The Persona Login service lets web developers implement seamless login via email address with a trivial amount of code. It is written in NodeJS and is supported by Mozilla. The service is deployed as several distinct NodeJS processes. Recently we've added a new process to the service, and this short post will describe what's changed and why.
This post is targeted at interested community members, and the people who build, test, deploy, and maintain Persona.
Previous Software Layout
The Persona deployment previously consisted of the following processes with said responsibilities:
- browserid - The main entry point for all web requests, handles all read only API requests, static file serving, and forwards API requests that need either access to our private "domain" key (certificate signing requests), or those which require write access to the database.
- keysigner - The only process in the system that requires read access to the domain key to handle key signing requests.
- verifier - A process that performs verification of assertions
- dbwriter - A process that handles all API requests which require write access to the database.
In addition to these NodeJS processes, we have quite a bit of infrastructure for high availability in our layout as well. Roughly, here's what Persona looked like:
Adding router
As you can see in the description above, the browserid process had a large set of diverse responsibilities. Repeatedly in load testing we have seen that process CPU bound and is the current bottleneck of the system. Further, we have begun work implementing countermeasures to keep the service available during malicious network attacks. Both for performance purposes and to create a place to run countermeasures, we've introduced a new process that subsumes some responsibilities of browserid, she's called router.
The new process and responsibility breakdown is as follows:
- router - The main entry point for all web requests, responsible for forwarding API requests.
- browserid - Responsible for handling all read only API requests, static file serving, and forwarding to the keysigner when certification is required.
- keysigner - The only process in the system that requires read access to the domain key to execute key-signing requests.
- verifier - A process that performs verification of assertions
- dbwriter - A process that handles all API requests which require write access to the database.
As you can see, the responsibility shift is extremely minor in this first push to introduce router. We have not yet introduced the countermeasures mentioned above, nor have we moved all of orthogonal responsibilities of the browserid process. These changes are planned for future trains (with 2 week development cycles, the only way to roll is incrementally).
The new software deployment looks roughly like this:
Deployment Considerations
As you might expect, a very small part of the Persona deployment is actually about NodeJS: of equal importance are the mechanisms that start the programs, display statistics and health, and monitor them to allow us to pro-actively discover problems before they impact users. The next several sections run through the new deployment architecture from these different perspectives.
Monitoring
The router has no interaction with our database servers, it's primary function at this point is to forward requests to the appropriate process. Monitoring should initially target non-200 HTTP responses. While 4xx responses are part of normal operation, 5xx should be monitored and alerted.
In addition to monitoring HTTP responses, the router emits statsd events over
UDP. These are all name-spaced under browserid.router.

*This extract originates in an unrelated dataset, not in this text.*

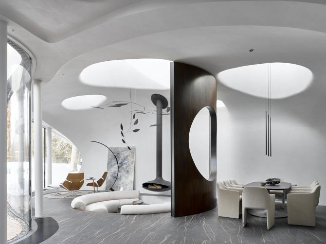Dodatočné spojenie s vonkajším priestorom je zabezpečené strešnými lampami orientovanými na pohyb slnka a dodávajúcim do vzduchu voľné svetlo a jemnú hru čiernych a bielych odtieňov. Futuristická architektúra ako prirodzené rozšírenie prírody. Základné riešenia interiéru sú princípom integrácie „domácej galérie“ do obytného priestoru.

, and the most interesting stats emitted are API invocation counts, under browserid.router.wsapi.*
.
Health Checks
Load balancers need an externally accessible health check URL to verify the
health of a component. The browserid process exports a ping
api that
can be hit via router. Because these two processes run on the same machine,
they should be considered a block. The ping
api verifies the ability of
router to forward requests, and the ability of browserid to process API
requests, AND the ability of browserid to access the database.
Logging
What you'll see in the router's log-file is mostly reports of forwarded
requests. That's all it does. Any error
level messages are of great
interest.
Expected Performance Impact
The router removes HTTP forwarding from the most heavily loaded process in the system. Now that browserid is no longer responsible request forwarding, it's expected that we'll see slightly higher possible ADU in load testing, with greater total processor usage on our machines.
Upcoming Work
The static process
An immediate desire is to introduce another service for static file serving. This service would be responsible for serving all of our static content. This includes both:
- views: HTML pages with no dynamic content that do not vary between deployments, but change every 2 weeks and hence have a max-Age of 0 to force cache re-validation for instant cache update after deployment.

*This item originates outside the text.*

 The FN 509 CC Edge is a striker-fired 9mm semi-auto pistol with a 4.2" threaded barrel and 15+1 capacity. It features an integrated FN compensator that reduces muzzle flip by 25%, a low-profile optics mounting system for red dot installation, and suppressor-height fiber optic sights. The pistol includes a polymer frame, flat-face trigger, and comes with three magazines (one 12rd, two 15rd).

- static resources: non-HTML resources that are served from perma-urls with a hash embedded in the URL, having far-future expiration dates.
A CDN
All static content should be moved off to a Mozilla controlled HTTPS CDN for lower latency and faster load times. the static process discussed above would then be nothing more than a CDN origin server. We will soon deploy a change that will move all static content off to a different hostname to prepare for the introduction of a CDN.
Anti abuse heuristics
Now that router is in the works, we can move forward and begin to implement anti-abuse heuristics for different types of live network attacks (initial focus will be on (D)DoS.